Public course on French feminism, starts Friday 26 November

Free public mini-course on French feminism by Rosa Nogues, starting Friday 26 November, 2010, 4pm.

Rationale: Feminist theory in France encompasses a field of thought much wider and more heterogeneous than that suggested by what has come to be known as ‘French Feminism’, a category coined by the Anglophone academy and mostly limited to the work of Cixous, Kristeva and Irigaray. The aim of this course will be to outline the different positions in French feminism at the time of the women’s liberation movement in France, and to explore some of the basic concepts and debates in feminist theory within the specific context of French feminist thought, such as the sex/gender distinction, the concept of difference, or the essentialism/constructionism debate. Pdf copies of texts will be made available a week in advance of each session. We will look at the work of key figures such as Simone de Beauvoir, Christine Delphy, Monique Wittig, Monique Plaza, Catherine Clément, Hélène Cixous, Julia Kristeva and Luce Irigaray.
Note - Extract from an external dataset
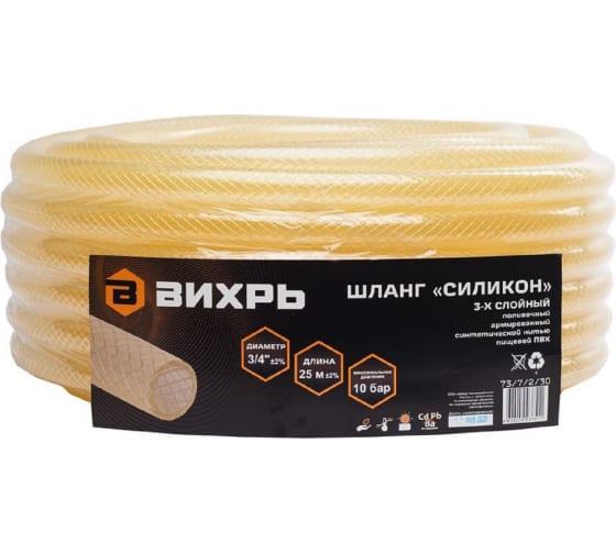 "Шланг поливочный трёхслойный армированный Вихрь предназначен для подачи воды на дачных участках. Эластичный силикон хорошо держит форму, не перекручивается. Шланг армирован синтетической нитью, держит давление 10 бар, диаметр 3/4 дюйма, длина шланга 25 метров. Шланг устойчив к воздействию УФ-излучения и не подвержен гниению."

Session I: Friday 26 November 2010, 4-6pm

Introduction to French Feminism

Reading: Simone de Beauvoir, Introduction to The Second Sex (1949); Christine Delphy, ‘Rethinking Sex and Gender’ (1993).

Optional reading: Monique Wittig, ‘The Category of Sex’ (1982); Hélène Cixous, ‘The Laugh of the Medusa’ (1975).

Session II: Friday 3 December 2010, 4-6pm

Luce Irigaray

Reading: Irigaray, ‘The Little Girl Is (Only) a Little Boy’, from Speculum of the Other Woman; ‘This Sex Which Is not One’, from This Sex Which Is not One.

Optional reading: ‘An Ethics of Sexual Difference’, from An Ethics of Sexual Difference; ‘Women’s Exile’, in Ideology and Consciousness, no. 1 (May 1977).

Session III: Friday 10 December 2010, 4-6pm

Julia Kristeva

Reading: Kristeva, ‘Approaching Abjection’ and ‘From Filth to Defilement’, in The Powers of Horror: An Essay on Abjection; ‘Women’s Time’, in Signs, 7/1 (1981).

Optional reading: ‘From One Identity to Another’ in Desire in Language: A Semiotic Approach to Literature and Art.

For pdf copies of the texts, please email c.kerslake@mdx.ac.uk.

Place: Room M222, second floor, Mansion Building, Middlesex University, Trent Park campus, Bramley Road, London N14 4YZ. NOTE ROOM CHANGE.

Tube: Piccadilly line to Oakwood station, free bus to campus.

This course is free and open to the general public. ALL WELCOME.